In DB2 10.5 with default WLM configuration, you can achieve something very special that you might not have given a thought. WLM is one of my favorite topic on which I can talk non-stop for few hours. Based upon my experiences working with large customers, here is a no-frills approach that will protect your database from failures and continue to give you the performance that you currently have. [Remember health care site – I wish I could have advised them had the contractor chosen DB2 instead of Oracle.] If they had used DB2 with WLM, they would not have encountered those database slowness regardless how much traffic was coming to the system.
Now, this is a bold statement and I will show how you can do this in your environment and not have those embarrassing moments. [But, it has a downsize also. How would your management appreciate you if there were no problems? So be practical – first let problems surface and then solve them using this skill and look better and possibly get some raises too.]
Before, I go into details – let me touch one point. No organization (Except NASA) on earth can build / procure unlimited hardware to meet ultimate business needs. Take same famous health care site where large number of people were trying to sign up. Say, to estimate a system that meets ultimate business needs, you might need a system with 1000 cores but you need it only less than 0.01 percent of time.
A smart CFO would not approve this type of investment to have 1000 cores to meet 0.01 % of business needs. May be, you only need 32 cores and build enough protection in the database so that it continues to function without crash or long delays and not become an embarrassment for the organization.
This article shows how you can build this in less than 10 minutes using no-nonsense default mechanism in DB2.
On a side note, you could implement a much comprehensive Work Load Management in DB2 but I will focus here what you can get out of the box and get yourself a promotion or at least save your paycheck.
Run this db2look command in your DB2 10.5 database to extract the current WLM DDLs.
$ db2look -d <databasename> -wlm
Here is the sample output (details removed).
ALTER WORK CLASS SET "SYSDEFAULTUSERWCS" ALTER WORK CLASS "SYSMANAGEDQUERIES" FOR TIMERONCOST FROM 150000 TO UNBOUNDED ; ALTER WORK ACTION SET "SYSDEFAULTUSERWAS" ALTER WORK ACTION "SYSMAPMANAGEDQUERIES" ENABLE; ALTER WORK ACTION SET "SYSDEFAULTUSERWAS" ENABLE; ALTER THRESHOLD "SYSDEFAULTCONCURRENT" DISABLE WHEN CONCURRENTDBCOORDACTIVITIES > 11 AND QUEUEDACTIVITIES UNBOUNDED STOP EXECUTION;
By looking at the above output, you would notice the default service super classes, sub classes, work loads, work class sets, work action sets, work action and thresholds, which were created automatically.

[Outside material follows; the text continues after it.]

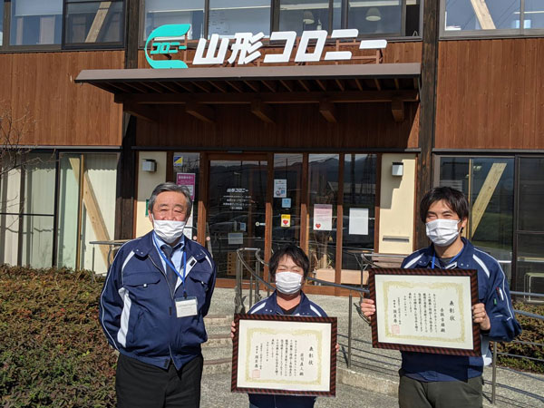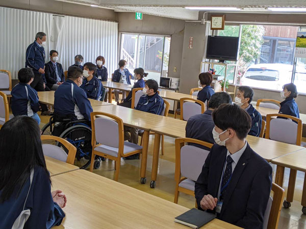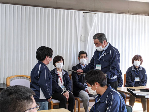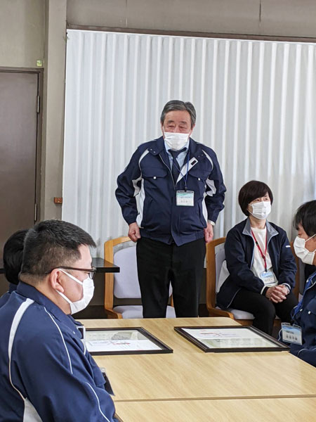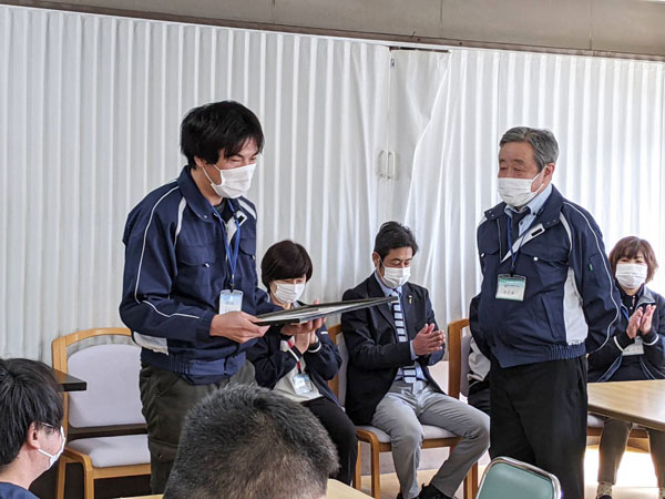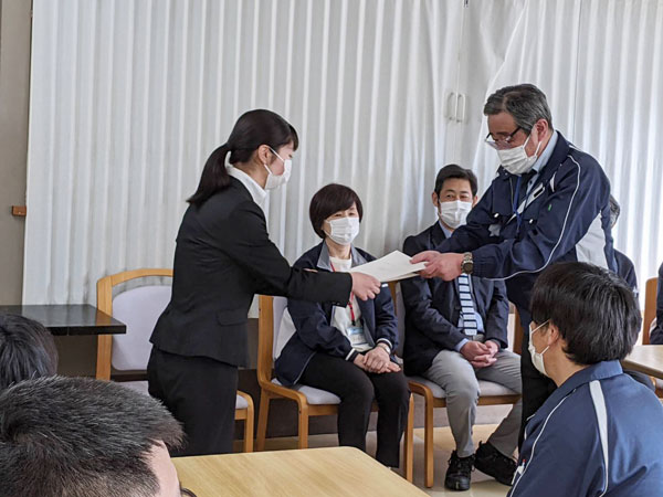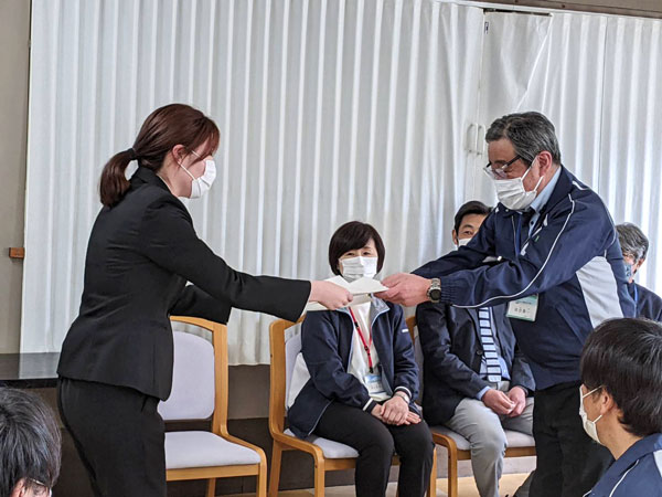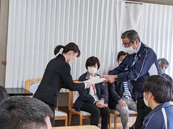 敷地の椿も満開になった青空のもと、 令和3年度の辞令交付式と 永年勤続表彰が行われました。 コロニー協会は5名が新しいスタッフとして加わり、 新年度をスタートしました。

Please notice that we have SYSMANAGEDQUERIES work class which defines queries timeron costs between 150000 to unbounded. This work class and associated work action sets are all enabled.
What does this mean to you?
It does not do any thing good if there is no action associated with this. Let us investigate this further.
Please notice a threshold SYSDEFAULTCONCURRENT, which has the concurrent DB activities defined as 11 with no limit on queuing and the action is the STOP.
This is the Santry who protects your system. As a DBA, you should really pay attention to the thresholds in WLM. (The heart of WLM is thresholds management contrary to the popular belief of CPU% or CPU share. The CPU % etc play a role but thresholds are the basis of the best WLM practices.)
What does this mean to you?
It says that in the database, if there are more than 11 concurrent DB activities, WLM will start queuing other activities and they will not be allowed to execute. The threshold action defined as STOP will stop the execution.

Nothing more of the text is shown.